In recent, as the demand of the energy increases, developments for the solar cell converting solar energy into electrical energy are proceeding.
Particularly, a CIGS-base solar cell, that is, p-n hetero junction device having a substrate structure including a glass substrate, a metal backside electrode layer, p-type CIGS-base light absorption layer, a buffer layer, n-type transparent electrode layer and the like is widely used.
Further, to increase the efficiency of the solar cell, various researches are proceeding.
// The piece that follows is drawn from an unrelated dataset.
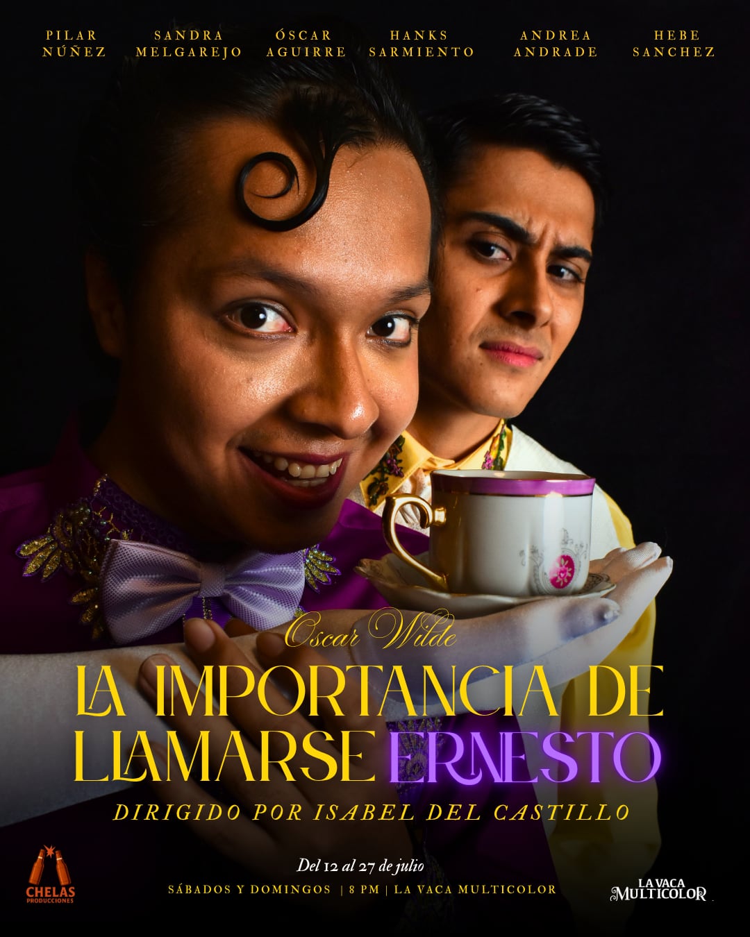 La propuesta de Chelas Producciones, en colaboración con La Vaca Multicolor, no solo respeta la agudeza del texto original, sino que lo revitaliza con una puesta fresca, ágil y desvergonzadamente divertida. “Wilde escribe con una gracia feroz, con una prosa que no necesita ser enredada para ser profunda. Su humor es elegante, descarado, y habla de nosotros aunque finjamos que no. Nos cautiva, con esa sensualidad y je ne sais quoi que todos llevamos dentro. Con esta versión busco crear una atmósfera especial para el público y redefinir, juntos, la idea del teatro clásico como algo cercano y vital” finaliza Isabel del Castillo, directora de la obra, quien inició su formación en los talleres de Fernando Luque y reconoce en esta obra un desafío actoral que siempre deseó llevar a escena: un texto que no teme desabotonarse el cuello para sonrojar —y seducir— al público. La obra estrena el próximo sábado 12 de julio, por seis únicas funciones, en el teatro de La Vaca Multicolor, ubicado en la Av. Canevaro 116, int. 1301 en Lince.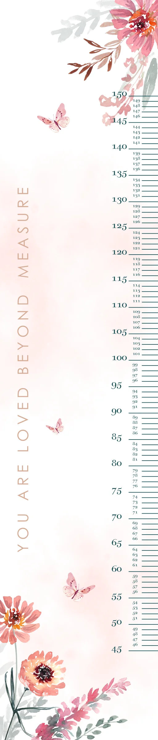 Op zoek naar een groeimeter? Kies voor dit stijlvolle ontwerp met bloemen en vlinders en personaliseer naar wens. De mooiste groeimeters:

In general, when forming the solar cell on the growth substrate containing metal foil material, as the forming process proceeds, the material included in the substrate during high temperature process such as light absorption layer forming may be diffused into the light absorption layer, thereby lowering the efficiency of the solar cell.
Accordingly, in this embodiment, a CIGS film forming process grown at high temperatures proceeds using the glass as the growth substrate, and the sacrificial layer formed on the rigid glass substrate is removed by the electrolysis method.
Then, an advantage of some aspects of the invention is that the bonding layer and the flexible substrate are formed under the backside electrode layer, thereby providing the solar cell having excellent curve and improved photoelectric conversion efficiency and reliability.
The solar cell according to the embodiment includes a backside electrode layer, a light absorption layer on the backside electrode layer, a buffer layer on the light absorption layer, a window layer on the buffer layer, and a bonding layer under the backside electrode layer.
A method of fabricating a solar cell according to the embodiment includes forming a sacrificial layer on a growth substrate; forming a backside electrode layer on the sacrificial layer; forming a light absorption layer on the backside electrode layer; forming a top electrode layer on the light absorption layer; forming a sheet above the top electrode layer; and removing the sacrificial layer so that a bottom surface of the backside electrode layer is exposed by performing the electrolysis on the solar cell.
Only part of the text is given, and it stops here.